Фразочка показалась мне нелепой.
Я покачал головой.
— Спасибо за чемодан, Волкова.
Встряхнул дипломатом.
Алина повела плечом.
— Снежке спасибо скажешь, — ответила девчонка. — Это она меня попросила.
«Снежке…»
— Обязательно скажу, — пообещал я.
Волкова вздохнула.
— Зря ты ей сегодня нагрубил, — сказала девчонка. — Галочка на тебя обиделась.
Говорила она тихо, без заметных эмоций.
Я пожал плечами.
— Переживёт.
— Переживёт, — согласилась Волкова.
Кивнула.
— Снежка переживает за тебя, Иван, — сказала Алина. — Спрашивала у меня, что с тобой случилось.
Уголки её губ дрогнули, будто Волкова попыталась улыбнуться (безуспешно).

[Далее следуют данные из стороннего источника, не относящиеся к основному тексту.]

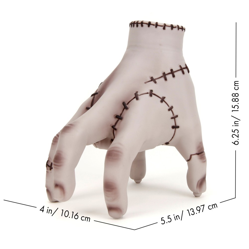 Войдите в мрачный, но уморительный мир Среды Аддамс вместе с одним из самых культовых персонажей - Рукой, отрубленной рукой с прекрасным характером! С помощью этой RC-фигурки вы сможете оживить любимую сцену из сериала или придумать свои собственные извращенные приключения. Этой руке не нужны остальные части тела - у нее есть индивидуальность, стиль и..... пульт дистанционного управления! Выполненная с тщательным вниманием к деталям - от шрамов до ногтей - она выглядит так, будто ее взяли прямо со съемочной площадки. Она двигается, создавая жуткое впечатление, что ползает по полу, и вызывает приступы смеха и мурашки по позвоночнику одновременно! Она идеально подходит для того, чтобы напугать друзей или стать необычным украшением стола. Ручка никогда не перестает впечатлять.

— А я разве знаю? — сказала Алина.
Девица покачала головой.
— Странный ты сегодня, Крылов, — сказала она. — С урока-то ты зачем ушёл?
Я развёл руками.
— Устал.
Громыхнул содержимым дипломата.
Девчонка хмыкнула.
— Устал он…
Выдержала паузу и добавила:
— Бывает.
Мне почудилось, что девица повеселела — Алина будто сбросила с плеч тяжкий груз.
— Ну… тогда я пошла, — сообщила она. — Счастливо оставаться, Крылов!
— И тебе не хворать, Волкова, — произнёс я.
Алина резво развернулась — махнула похожими на лисий хвост волосами, застучала каблуками по ступеням.
Я проводил её взглядом. Прикрыл дверь и вновь подошёл к висевшему на стене в прихожей ромбовидному настенному зеркалу. Заметил на стеклянной поверхности несколько блестящих наклеек. Но не разглядывал их. Сосредоточил внимание на взъерошенном пареньке в больших уродливых очках. Тот смотрел на меня из зеркала настороженно (будто тоже не верил, что является моим отражением), устало. Я поправил средним пальцем широкий пластмассовый «мост», придвинул его к переносице. Круглолицый очкарик проделал то же действие: поправил очки. Или он показал мне неприличный жест? Я покачал головой (и моё отражение проделало то же самое).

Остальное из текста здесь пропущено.